Here's an example of something that might work for you. I can't readily tell if you're using this as a standalone script or as part of a web server. The example below assumes the latter, assuming you call a web server on /video?123videoId and have it respond or do something depending on whether or not the video with that ID exists. It uses Node's request library, which you can install with npm install request:
var request = require('request');
// Your route here. Example on what route may look like if called on /video?id=123videoId
app.get('/video', function(req, response, callback){
var videoId = 'adase268_'; // Could change to something like request.params['id']
request.get('https://www.youtube.com/watch?v='+videoId, function(error, response, body){
if(response.statusCode === 404){
// Video doesn't exist.
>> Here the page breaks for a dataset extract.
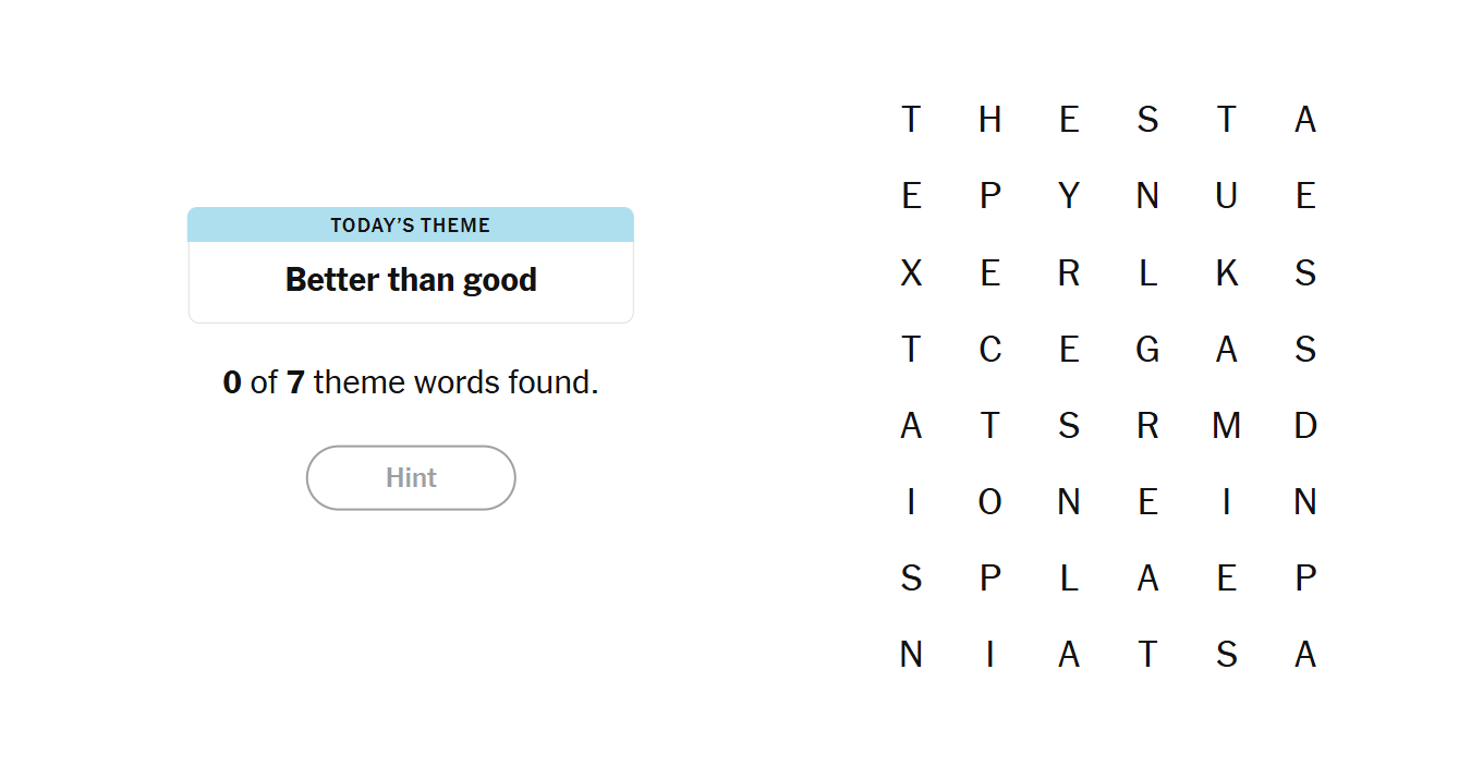 - To earn a hint, find any non-theme word of at least four letters in the grid.
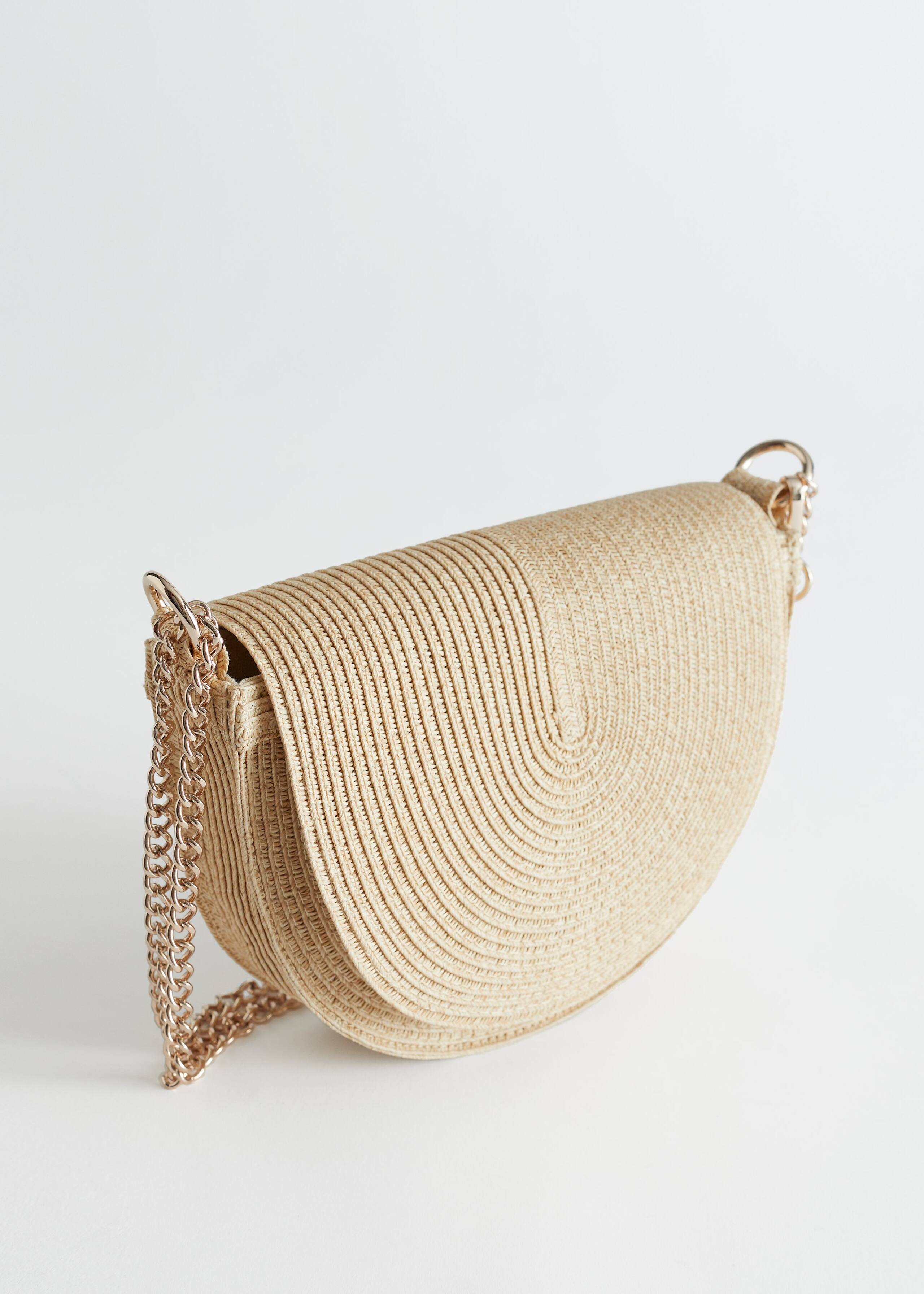Gewebte Strohtasche in Halbmondform mit Überschlag vorne und zwei goldfarbenen Kettentrageriemen.

Do what you need to do here.
}
else{
// Video exists.
// Can handle other HTTP response codes here if you like.
}
});
});
// You could refactor the above to take out the 'request.get()', wrap it in a function
// that takes a callback and re-use in multiple routes, depending on your problem.
#rodrigomartell is on the right track, in that your check function will need to make an HTTP call; however, just checking the youtube.com URL won't work in most cases. You'll get back a 404 if the videoID is a malformed ID (i.e. less than 11 characters or using characters not valid in their scheme), but if it's a properly formed videoID that just happens to not correspond to a video, you'll still get back a 200. It would be better to use an API request, like this (note that it might be easier to use the request-json library instead of just the request library):
request = require('request-json');
var client = request.newClient('https://www.googleapis.com/youtube/v3/');
youtubeVideoExist = function (youtubeId){
var apikey ='YOUR_API_KEY'; // register for a javascript API key at the Google Developer's Console ... https://console.developers.google.com/
client.get('videos/?part=id&id='+youtubeId+'&key='+apikey, function(err, res, body) {
if (body.items.length) {
return true; // if youtube video exists
}
else {
return false;
}
});
};
Using youtube-feeds module. Works fast (~200ms) and no need API_KEY
youtube = require("youtube-feeds");
existsFunc = function(youtubeId, callback) {
youtube.video(youtubeId, function(err, result) {
var exists;
exists = result.id === youtubeId;
console.log("youtubeId");
console.log(youtubeId);
console.log("exists");
console.log(exists);
callback (exists);
});
};
var notExistentYoutubeId = "y0srjasdkfjcKC4eY"
existsFunc (notExistentYoutubeId, console.log)
var existentYoutubeId = "y0srjcKC4eY"
existsFunc (existentYoutubeId, console.log)
output:
❯ node /pathToFileWithCodeAbove/FileWithCodeAbove.js
youtubeId
y0srjcKC4eY
exists
true
true
youtubeId
y0srjasdkfjcKC4eY
exists
false
false
All you need is to look for the thumbnail image. In NodeJS it would be something like
var http = require('http');
function isValidYoutubeID(youtubeID) {
var options = {
method: 'HEAD',
host: 'img.youtube.com',
path: '/vi/' + youtubeID + '/0.jpg'
};
var req = http.request(options, function(res) {
if (res.statusCode == 200){
console.log("Valid Youtube ID");
} else {
console.log("Invalid Youtube ID");
}
});
req.end();
}
API_KEY is not needed. It is quite fast because there is only header check for statusCode 200/404 and image is not loaded.